Without having read Mordecai Richler’s 1997 novel which Barney’s Version is adapted from, it’s still abundantly clear that this long, glossily mounted tearjerker exhibits all the usual problems with paring down 400 pages into an orderly feature film. With its time-jumping flashbacks, and uneven tonal balance that strains to blend soapy melodrama, romantic comedy and murder mystery, it’s an initially engrossing but progressively rambling and schmaltzy film that’s mostly saved by a set of fine, if not exceptional performances. Being partial to Paul Giamatti’s now-familiar rumpled-sadsack schtick also goes a long way to making the film somewhat palatable: Barney’s Version is full-bore Giamatti for 132 minutes.

He plays Jewish-Canadian TV producer Barney Panofsky, a hopelessly romantic curmudgeon who’s gone through three marriages before an onset of Alzheimer’s cuts him down. The character’s a genuine Giamatti Standard: the puppy-dog-faced-jerk-whom-you-hate-but-grow-to-love-but-still-kind-of-hate.
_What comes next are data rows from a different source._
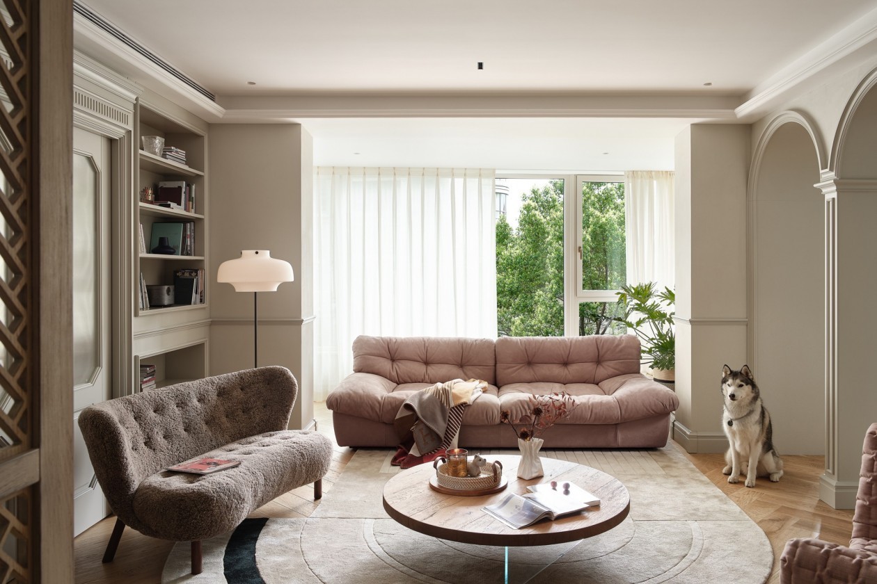 客厅中央铺着一张圆形地毯,浅米色底纹,像被阳光晒软的棉垫,踩上去陷进蓬松的暖意里,悄悄圈出一方放松的核心区。 灰沙发贴着地毯边缘摆放,布艺面料泛着细腻的肌理,靠背与扶手弧度柔和,像一片沉静的云,随意扔几个同色系抱枕,便成了最舒服的倚靠处。 旁边立着一把粉色单椅,绒布座面泛着甜而不腻的光泽,椅腿是纤细的黄铜色,与灰色沙发形成温柔的撞色。阳光漫进来时,粉椅的暖调落在灰沙发的冷感上。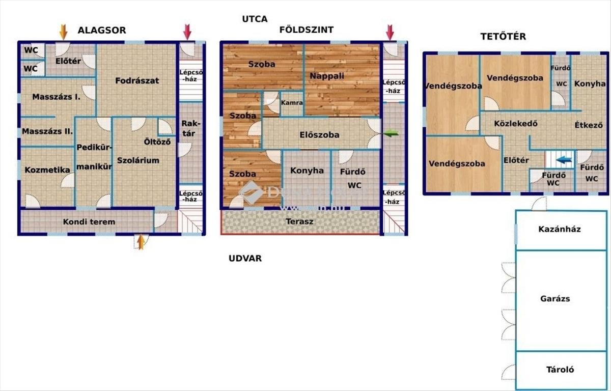 Zirc központjához közel, de mégis egy csendes, erdőhöz közeli utcában eladó egy összesen 313 nm-es, három szintes lakóházat, vendégházat és szépségipari szolgáltató egységet magába foglaló társasház, 800 nm-es telken.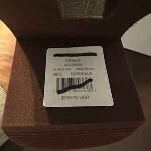 Label in boots is crossed out to prevent return to store.
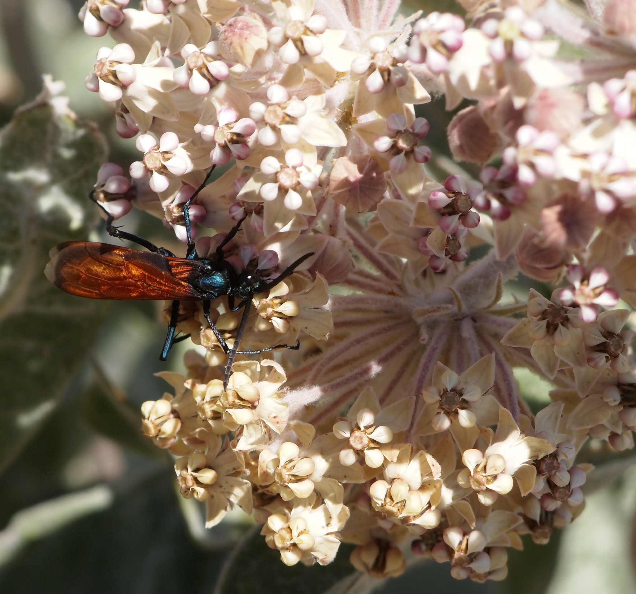 Pepsis | genus | Asclepias eriocarpa | species | visits | Animalia | Arthropoda | Insecta | Hymenoptera | Pompilidae | Pepsis | Plantae | Tracheophyta | Magnoliopsida | Gentianales | Apocynaceae | Asclepias | 36.76192 | -121.503454 | 2013 | 6 | 15 | http://creativecommons.org/licenses/by-nc/4.0/ | https://www.inaturalist.org/observations/302382 | |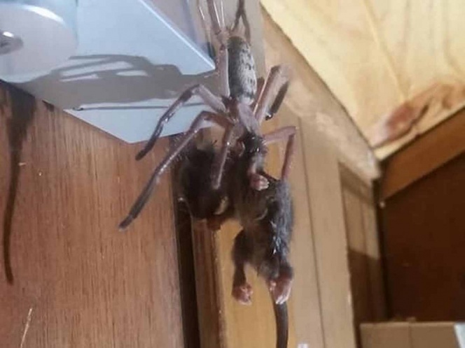 Una pareja de turistas vivió momentos de terror al encontrar a una enorme araña devorando una zarigüeya en Australia.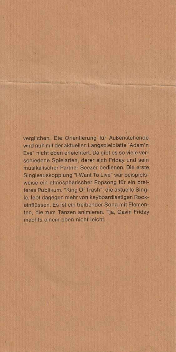 GAVIN FRIDAY AND THE MAN SEEZER - EACH MAN KILLS THE THING HE LOVES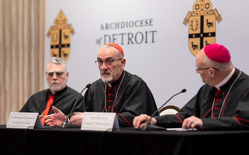 It came on the second day of Cardinal Pizzaballa’s four-day pastoral visit to southeast Michigan at the invitation of Detroit Archbishop Edward J. Weisenburger, who, along with Bishop Francis Y. Kalabat of the Chaldean Eparchy of St. Thomas the Apostle, joined the cardinal at the event. All three prelates addressed members of the local media during the news conference.

The film views his tumultuous life with generation-spanning sprawl (wigs!) which it can’t quite sustain; nevertheless there are individual vignettes to savour, such as Panofsky’s first swoony meeting with the gleaming, doll-like Rosamund Pike at his wedding to loud-mouthed affluent socialite Minnie Driver, and the touching, often amusing scenes with delightfully scene-stealing beat-cop father Dustin Hoffman. Look out for cameos by Canadian directors David Cronenberg and Atom Egoyan.